По Тучкову мосту я выехал на Васильевский остров. Главные достопримечательности этого квартала – Биржа и Академии. Я прошелся перед этими зданиями, по Исаакиевскому мосту достиг Преображенской улицы и вскоре оказался на Фонтанке, чтобы по набережной подъехать к католическому храму, где перед алтарем на хорах, прямо посередине, увидел могилу генерала Моро.
Я повидал Казанский собор, ведь для Петербурга он значит то же, что для Парижа Нотр Дам. Я прошел под его двойной колоннадой, выстроенной по образцу той, что украшает собор святого Петра в Риме.
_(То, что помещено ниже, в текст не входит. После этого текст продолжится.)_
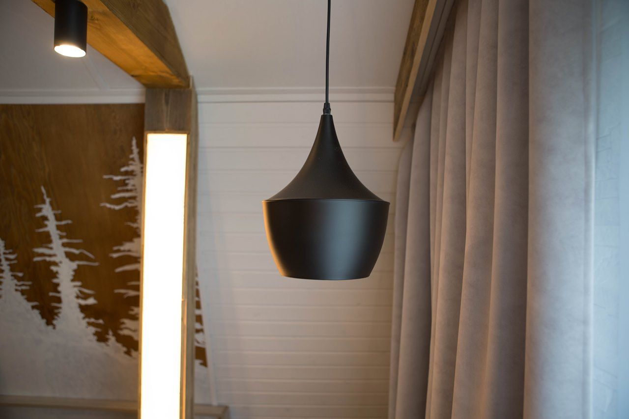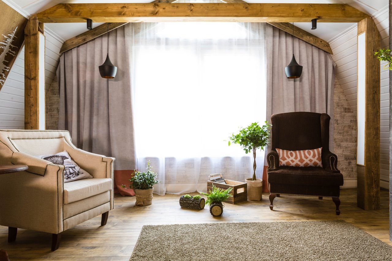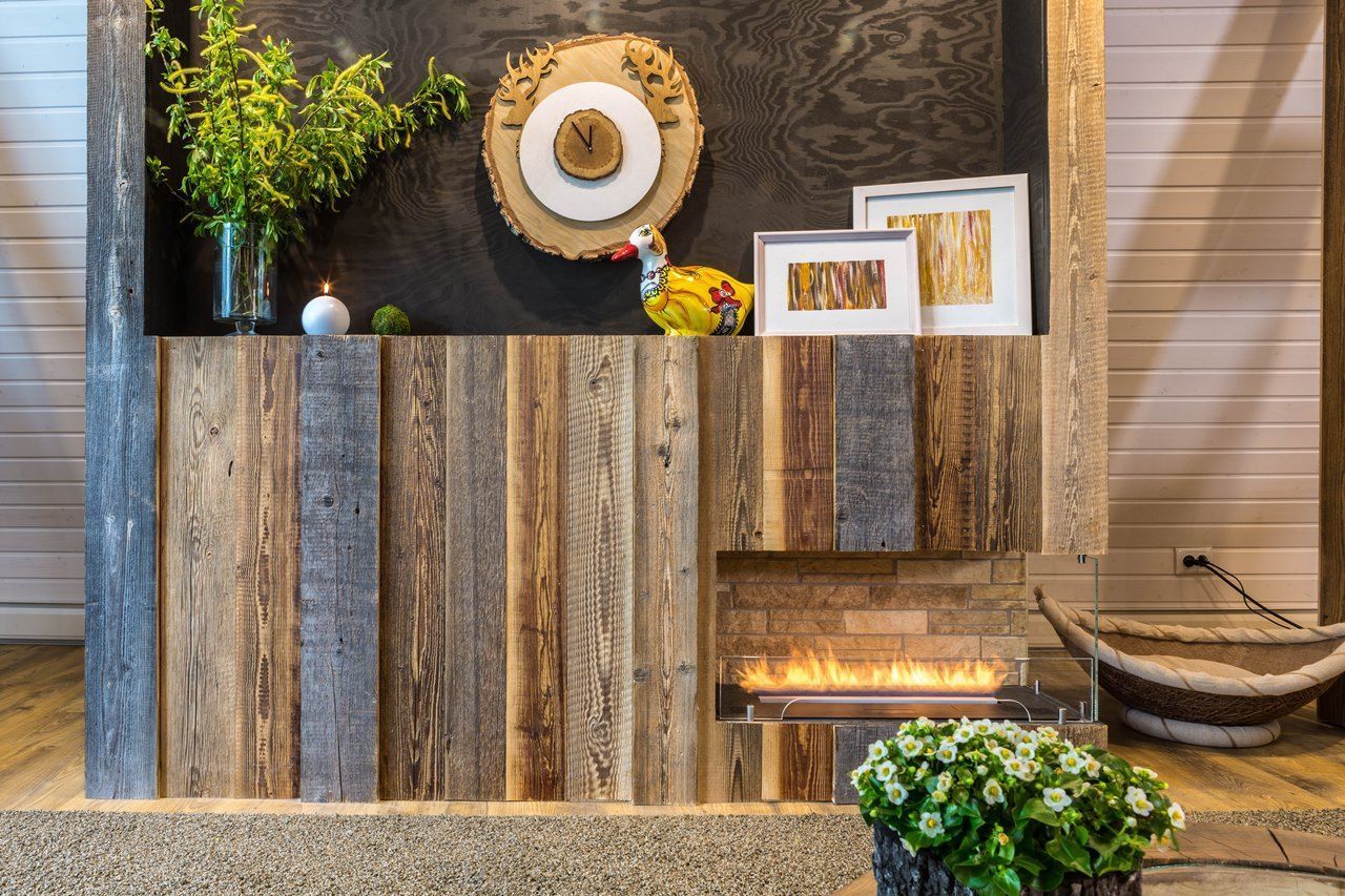 Новые идеи в телепроекте "Фазенда" на мансарде в 42 квадратных метра появилась лесная гостиная. На стене – лес еловый. Есть даже пенек. Перегородка - с осиновой рощей… Дерево, камень, камин. Почти классическое шале. Освещение в гостиной реализовано различными светодиодными светильниками.

Здесь снаружи кирпич и штукатурка, а внутри – бронза, мрамор и гранит: облицовка дверей бронзовая или из кованого серебра, пол выложен яшмовой плиткой, стены – мрамором.
Осмотрев в один день столько достопримечательностей, я приказал отвезти меня к знаменитой мадам Ксавье, намереваясь передать письмо своей прекрасной соотечественнице. Однако выяснилось, что она вот уже полгода там не живет. Ее бывшая хозяйка с весьма чопорным видом сообщила мне, что она поселилась на Мойке, при магазине Оржело. Найти его не составляло труда: Оржело так же известен в Петербурге, как какая-нибудь респектабельная модная лавка в Париже.
Через десять минут я уже стоял перед указанным домом. Поскольку я рассчитывал поужинать в ресторане напротив, владелец которого, судя по фамилии, был моим соотечественником, я отослал дрожки и, войдя в магазин, спросил, могу ли я видеть мадемуазель Луизу Дюпюи.
Одна из девиц осведомилась, интересует ли меня приобретение товаров или я прибыл по личному делу. Я ответил, что дело именно личное.
Барышня тотчас встала и повела меня в апартаменты той, кого я искал.
IV
Я вошел в маленький будуар, где все стены были обиты восточными тканями. Моя прелестная соотечественница была там: она полулежа читала роман. Увидев меня, она встала, а при первых же произнесенных мною словах воскликнула:
– Ах! Вы француз!
Я извинился, что некстати потревожил ее в час дневного отдыха, но как путешественнику, приехавшему только вчера, мне еще позволительно не знать всех местных обычаев. Затем я вручил ей письмо.
– Это от моей сестры! – вскричала она. – Милая Роза! Как же я рада получить от нее весточку! Вы ведь знакомы с ней, да? Она все такая же хорошенькая и веселая?
– Что хорошенькая, могу поручиться, надеюсь, что и веселая, но я видел ее всего один раз, письмо мне передал один из моих друзей.